• _How to complete this task_
Your answer should repeat exactly the lines from the one holding "Zina said we're" through the end of the data, and it should contain no pictures.

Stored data
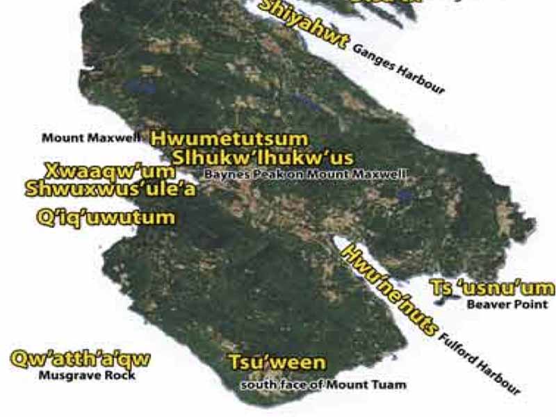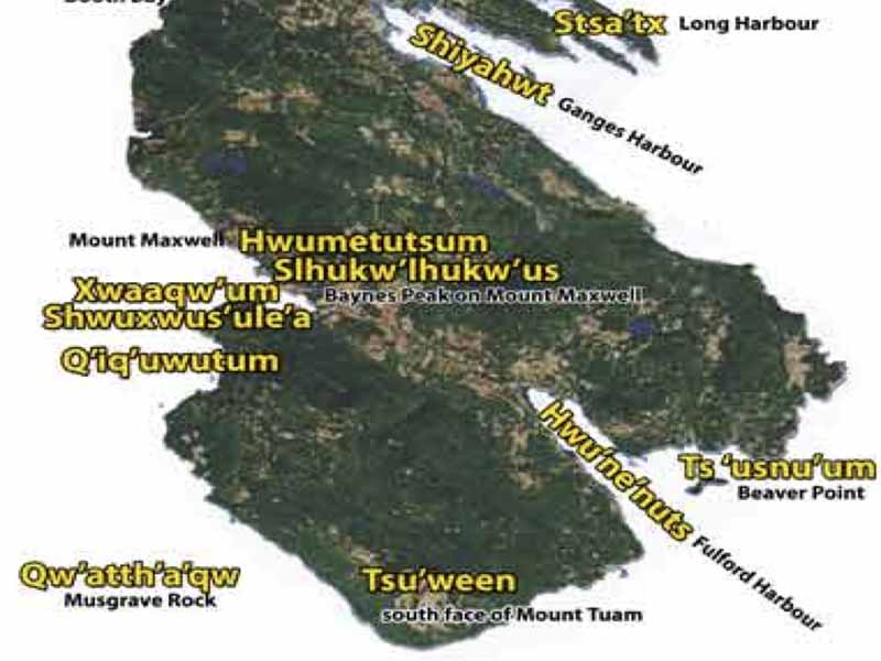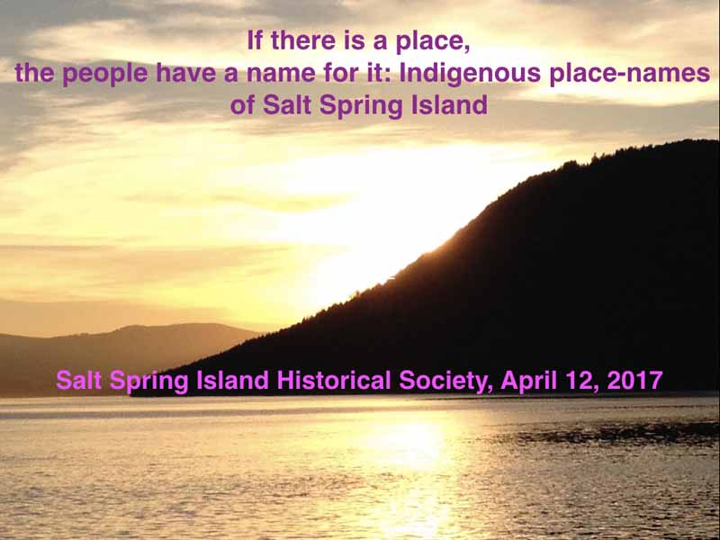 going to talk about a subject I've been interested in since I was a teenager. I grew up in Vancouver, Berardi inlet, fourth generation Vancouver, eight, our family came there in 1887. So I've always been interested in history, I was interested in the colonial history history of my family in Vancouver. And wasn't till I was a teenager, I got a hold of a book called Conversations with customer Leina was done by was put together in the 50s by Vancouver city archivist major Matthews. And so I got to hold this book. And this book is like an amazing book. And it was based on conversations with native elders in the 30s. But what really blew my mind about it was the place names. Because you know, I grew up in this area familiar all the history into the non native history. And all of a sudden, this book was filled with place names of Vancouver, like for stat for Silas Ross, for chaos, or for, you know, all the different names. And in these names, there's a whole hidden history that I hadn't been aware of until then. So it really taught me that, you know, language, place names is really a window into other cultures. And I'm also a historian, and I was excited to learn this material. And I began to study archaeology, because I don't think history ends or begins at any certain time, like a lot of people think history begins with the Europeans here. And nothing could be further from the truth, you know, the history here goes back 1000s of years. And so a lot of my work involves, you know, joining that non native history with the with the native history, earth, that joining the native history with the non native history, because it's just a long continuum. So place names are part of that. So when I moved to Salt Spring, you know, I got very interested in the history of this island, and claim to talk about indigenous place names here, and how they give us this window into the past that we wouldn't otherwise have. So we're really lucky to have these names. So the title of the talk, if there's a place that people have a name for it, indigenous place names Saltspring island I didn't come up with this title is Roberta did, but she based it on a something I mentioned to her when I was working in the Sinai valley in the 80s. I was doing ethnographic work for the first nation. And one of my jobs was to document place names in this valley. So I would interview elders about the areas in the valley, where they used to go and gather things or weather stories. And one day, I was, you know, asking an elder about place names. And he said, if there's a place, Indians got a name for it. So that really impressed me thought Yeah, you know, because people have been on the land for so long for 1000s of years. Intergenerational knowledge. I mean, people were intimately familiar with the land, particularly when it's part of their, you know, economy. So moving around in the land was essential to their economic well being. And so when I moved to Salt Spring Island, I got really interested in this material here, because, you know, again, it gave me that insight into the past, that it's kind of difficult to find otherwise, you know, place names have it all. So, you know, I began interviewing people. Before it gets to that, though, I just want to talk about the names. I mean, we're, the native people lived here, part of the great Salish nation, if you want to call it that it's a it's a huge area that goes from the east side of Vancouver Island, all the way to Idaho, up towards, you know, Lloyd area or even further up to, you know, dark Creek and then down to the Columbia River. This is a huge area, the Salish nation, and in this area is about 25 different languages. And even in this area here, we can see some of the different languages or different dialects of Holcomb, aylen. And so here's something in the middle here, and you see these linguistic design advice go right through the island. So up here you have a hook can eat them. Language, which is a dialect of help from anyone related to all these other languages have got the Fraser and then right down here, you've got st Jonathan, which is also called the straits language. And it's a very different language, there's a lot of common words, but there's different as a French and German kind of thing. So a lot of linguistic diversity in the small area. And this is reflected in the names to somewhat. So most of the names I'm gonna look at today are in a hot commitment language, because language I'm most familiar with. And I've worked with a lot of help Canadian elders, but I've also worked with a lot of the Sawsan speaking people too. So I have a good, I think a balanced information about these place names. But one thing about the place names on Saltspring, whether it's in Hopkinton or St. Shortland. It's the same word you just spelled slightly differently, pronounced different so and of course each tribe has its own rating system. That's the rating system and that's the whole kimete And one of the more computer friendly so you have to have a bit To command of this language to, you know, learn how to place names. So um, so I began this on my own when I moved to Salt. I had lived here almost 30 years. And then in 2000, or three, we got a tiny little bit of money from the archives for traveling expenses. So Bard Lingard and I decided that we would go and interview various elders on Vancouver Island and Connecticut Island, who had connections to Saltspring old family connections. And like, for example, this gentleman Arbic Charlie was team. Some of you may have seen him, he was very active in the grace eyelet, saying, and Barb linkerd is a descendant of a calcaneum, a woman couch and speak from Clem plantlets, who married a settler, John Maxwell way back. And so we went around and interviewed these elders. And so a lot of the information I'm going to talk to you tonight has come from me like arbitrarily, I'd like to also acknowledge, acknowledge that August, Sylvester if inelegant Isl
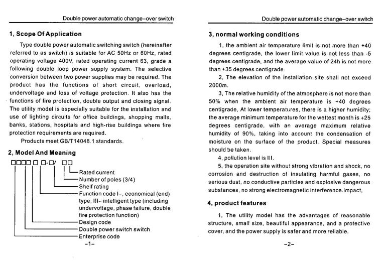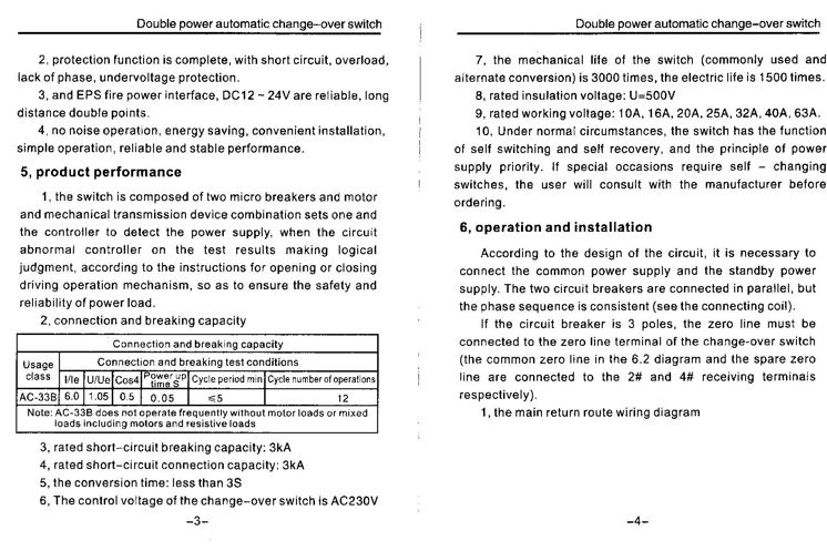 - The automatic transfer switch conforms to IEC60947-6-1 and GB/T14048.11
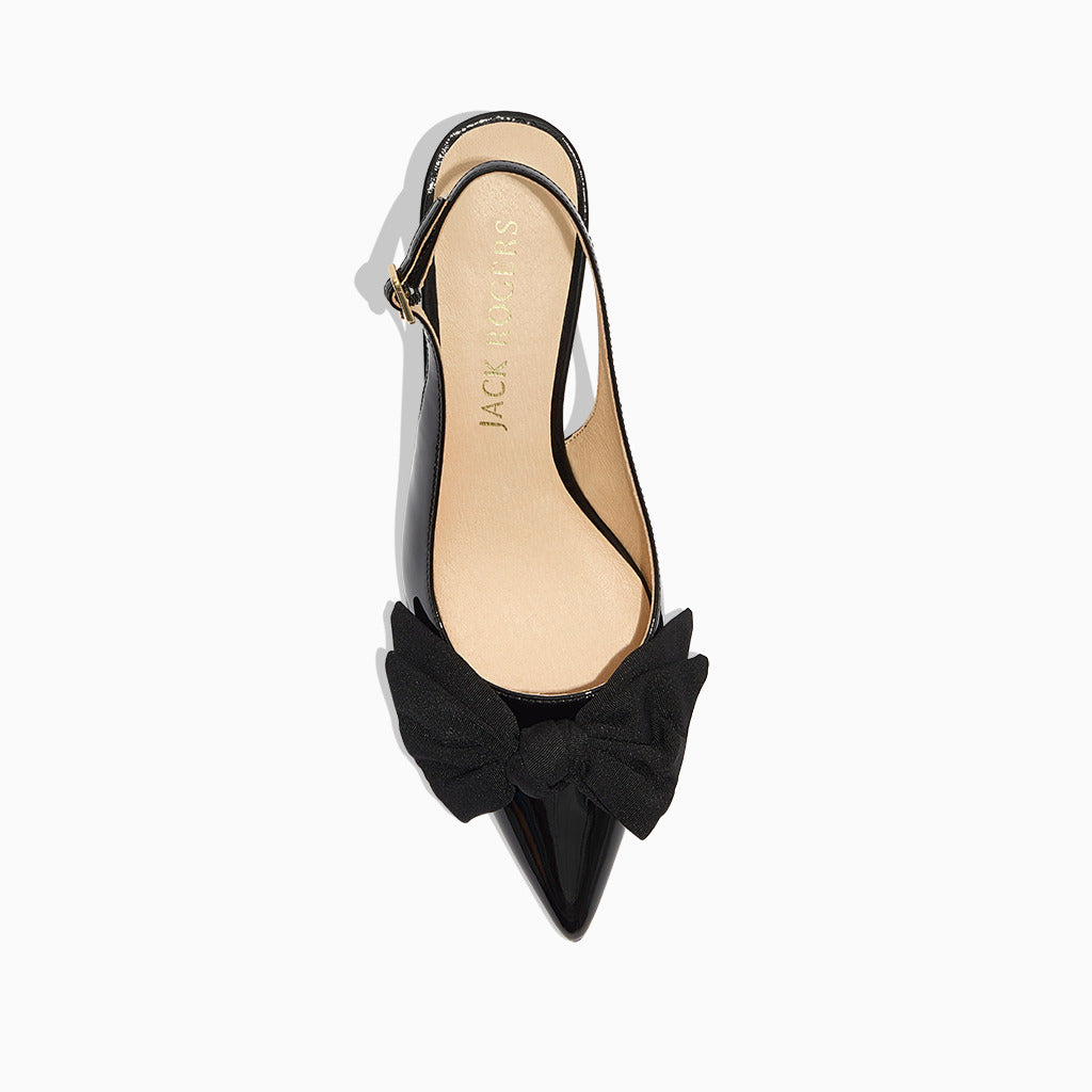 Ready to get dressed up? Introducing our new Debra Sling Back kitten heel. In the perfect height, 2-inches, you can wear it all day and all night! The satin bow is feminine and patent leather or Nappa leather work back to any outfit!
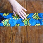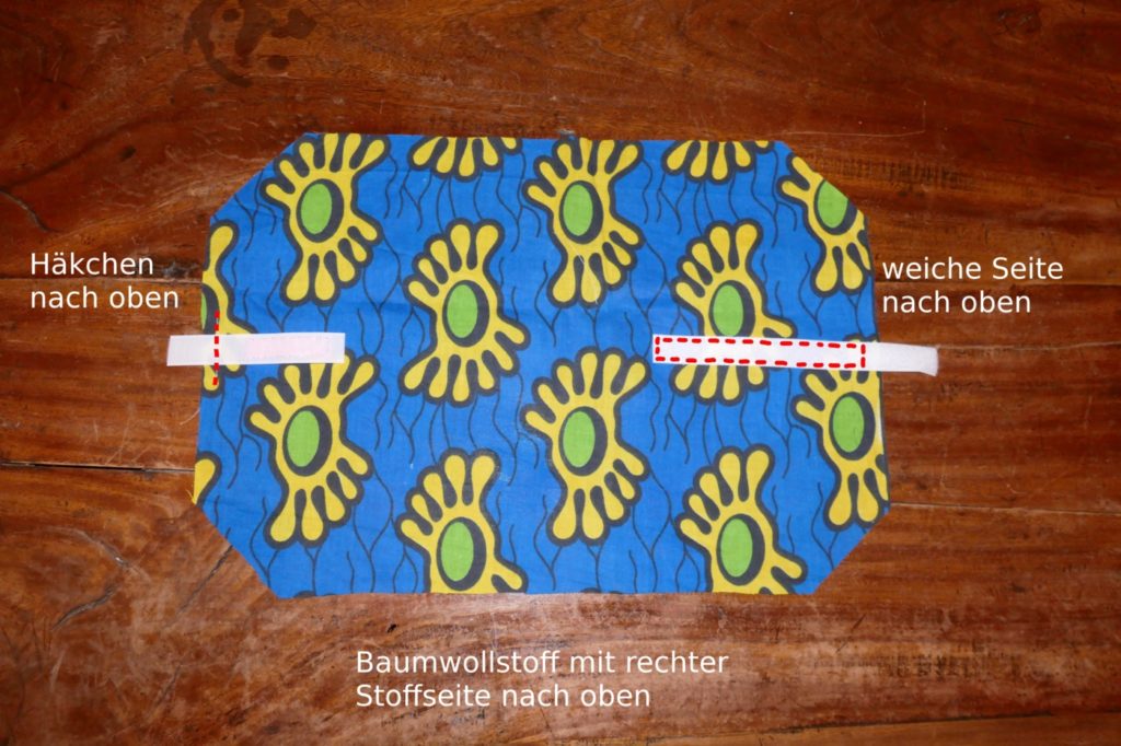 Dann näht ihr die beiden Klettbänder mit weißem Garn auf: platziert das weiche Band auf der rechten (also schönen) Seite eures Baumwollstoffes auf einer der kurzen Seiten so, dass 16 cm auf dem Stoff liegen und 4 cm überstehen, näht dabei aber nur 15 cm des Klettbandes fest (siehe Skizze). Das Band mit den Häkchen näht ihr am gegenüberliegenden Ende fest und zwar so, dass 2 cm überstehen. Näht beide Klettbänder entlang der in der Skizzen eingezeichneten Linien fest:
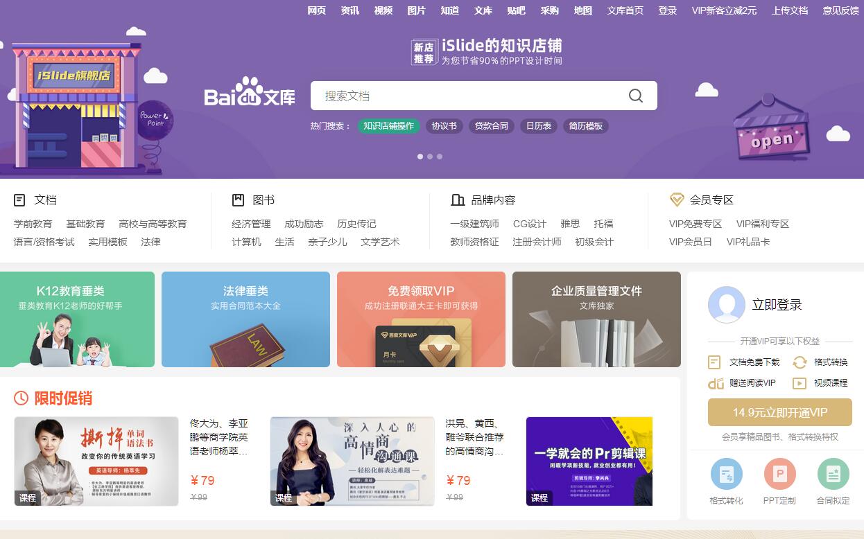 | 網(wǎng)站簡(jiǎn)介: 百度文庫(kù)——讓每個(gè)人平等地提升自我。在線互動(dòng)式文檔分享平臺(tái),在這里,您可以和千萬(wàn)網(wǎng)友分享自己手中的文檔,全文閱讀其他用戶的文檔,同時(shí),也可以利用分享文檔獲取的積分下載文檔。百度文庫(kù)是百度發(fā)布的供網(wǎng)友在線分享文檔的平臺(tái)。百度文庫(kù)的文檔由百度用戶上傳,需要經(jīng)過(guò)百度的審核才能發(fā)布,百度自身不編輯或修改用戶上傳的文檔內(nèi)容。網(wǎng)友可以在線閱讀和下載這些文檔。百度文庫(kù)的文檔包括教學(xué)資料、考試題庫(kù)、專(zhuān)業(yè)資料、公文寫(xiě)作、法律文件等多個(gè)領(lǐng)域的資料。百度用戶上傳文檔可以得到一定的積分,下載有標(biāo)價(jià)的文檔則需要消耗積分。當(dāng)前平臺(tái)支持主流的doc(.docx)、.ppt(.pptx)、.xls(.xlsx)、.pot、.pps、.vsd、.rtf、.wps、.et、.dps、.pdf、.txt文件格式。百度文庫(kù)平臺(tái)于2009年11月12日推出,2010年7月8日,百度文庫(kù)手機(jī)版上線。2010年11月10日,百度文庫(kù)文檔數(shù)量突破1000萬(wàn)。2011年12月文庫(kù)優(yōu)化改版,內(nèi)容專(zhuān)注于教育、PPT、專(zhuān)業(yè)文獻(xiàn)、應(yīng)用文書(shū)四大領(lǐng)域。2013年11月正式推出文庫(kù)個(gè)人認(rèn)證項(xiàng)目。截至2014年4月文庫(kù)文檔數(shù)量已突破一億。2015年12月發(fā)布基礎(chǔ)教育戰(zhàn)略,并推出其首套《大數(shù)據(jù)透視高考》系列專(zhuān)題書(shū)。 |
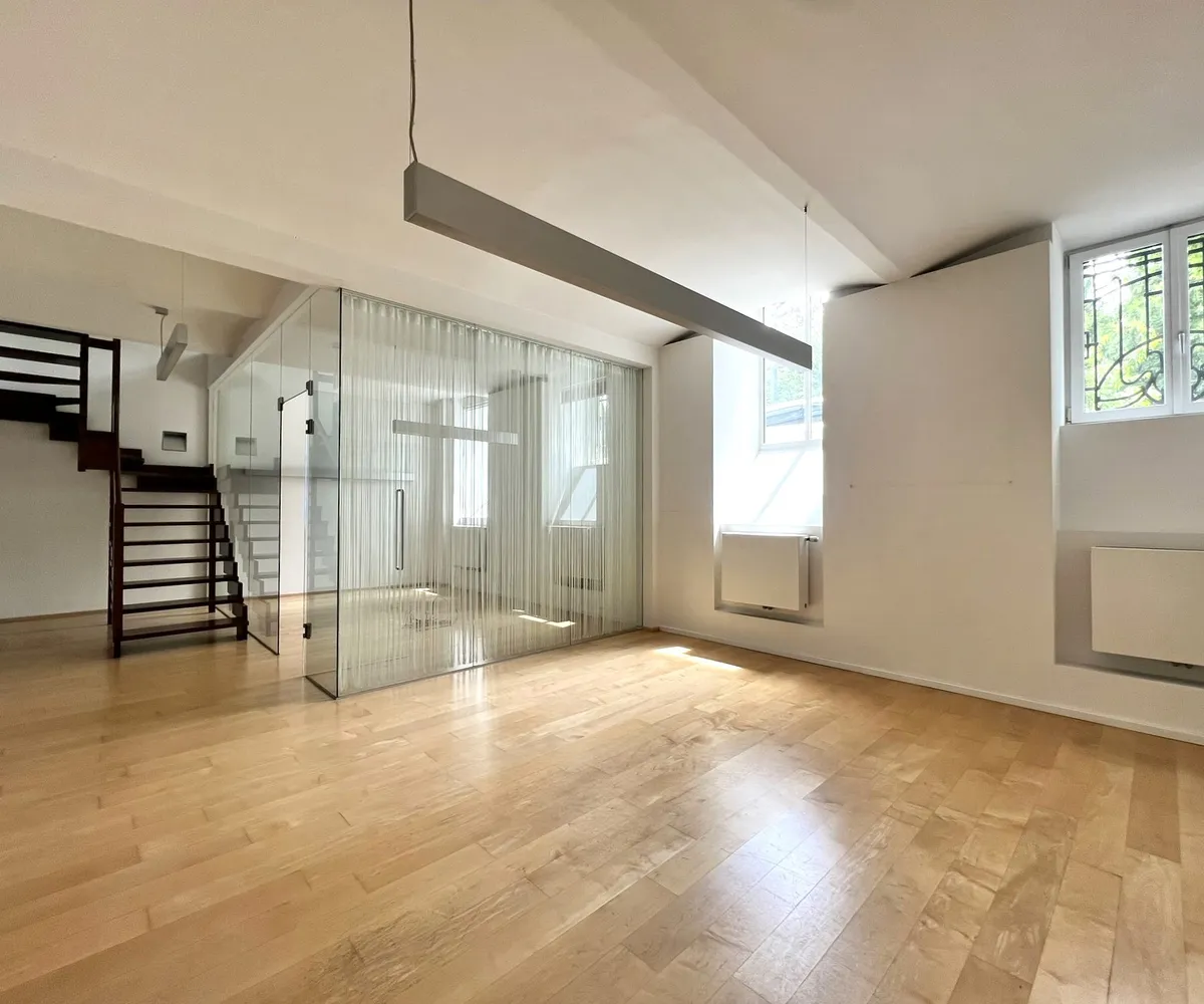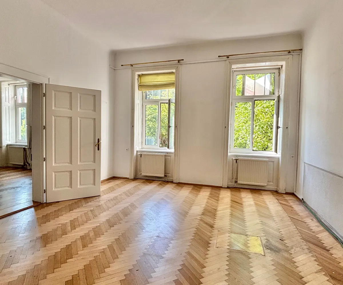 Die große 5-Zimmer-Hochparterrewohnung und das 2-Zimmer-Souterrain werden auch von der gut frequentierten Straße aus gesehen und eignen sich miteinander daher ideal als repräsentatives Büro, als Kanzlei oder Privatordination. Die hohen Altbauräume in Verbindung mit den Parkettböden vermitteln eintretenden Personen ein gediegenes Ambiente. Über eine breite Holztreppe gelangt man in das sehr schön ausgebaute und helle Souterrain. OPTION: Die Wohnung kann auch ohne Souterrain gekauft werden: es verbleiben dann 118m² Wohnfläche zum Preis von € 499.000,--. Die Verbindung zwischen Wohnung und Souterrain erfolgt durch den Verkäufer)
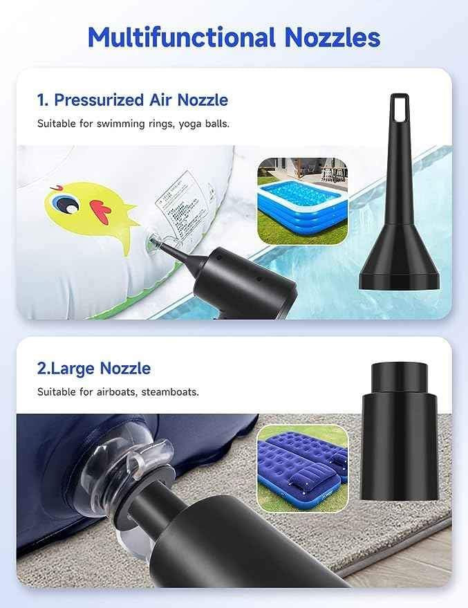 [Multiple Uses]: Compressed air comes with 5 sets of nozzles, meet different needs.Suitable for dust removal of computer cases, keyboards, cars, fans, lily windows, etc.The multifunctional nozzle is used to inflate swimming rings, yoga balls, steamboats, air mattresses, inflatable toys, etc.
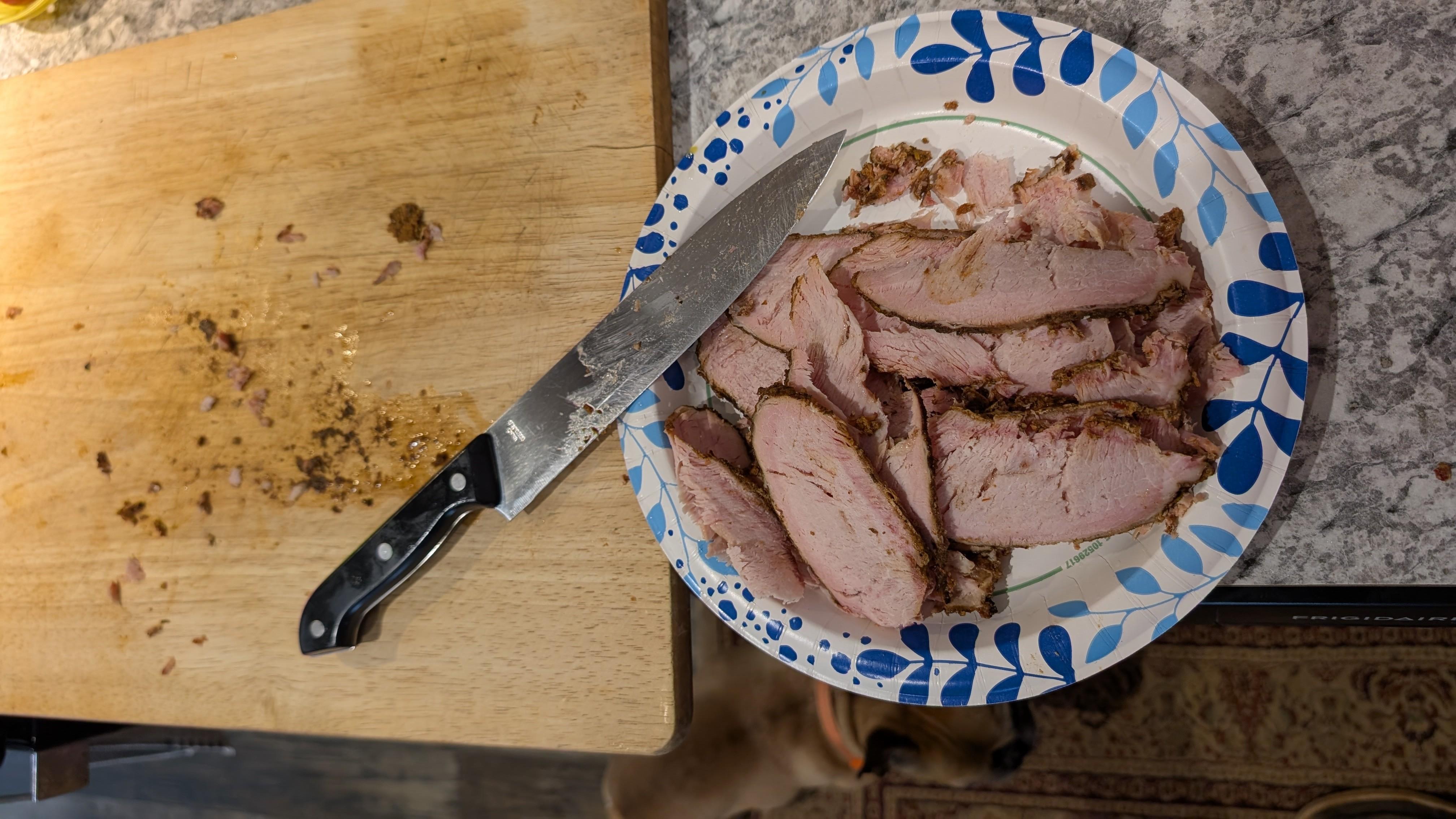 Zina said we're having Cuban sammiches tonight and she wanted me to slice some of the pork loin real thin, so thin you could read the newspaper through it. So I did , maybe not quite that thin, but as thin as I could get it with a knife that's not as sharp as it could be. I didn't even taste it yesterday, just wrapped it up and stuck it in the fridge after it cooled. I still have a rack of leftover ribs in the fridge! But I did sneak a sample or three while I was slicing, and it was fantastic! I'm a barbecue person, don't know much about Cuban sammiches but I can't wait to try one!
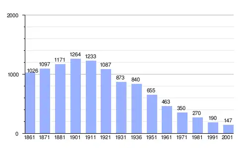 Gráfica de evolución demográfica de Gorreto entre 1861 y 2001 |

• _Response below_
 Zina said we're having Cuban sammiches tonight and she wanted me to slice some of the pork loin real thin, so thin you could read the newspaper through it. So I did , maybe not quite that thin, but as thin as I could get it with a knife that's not as sharp as it could be. I didn't even taste it yesterday, just wrapped it up and stuck it in the fridge after it cooled. I still have a rack of leftover ribs in the fridge! But I did sneak a sample or three while I was slicing, and it was fantastic! I'm a barbecue person, don't know much about Cuban sammiches but I can't wait to try one!
 Gráfica de evolución demográfica de Gorreto entre 1861 y 2001 |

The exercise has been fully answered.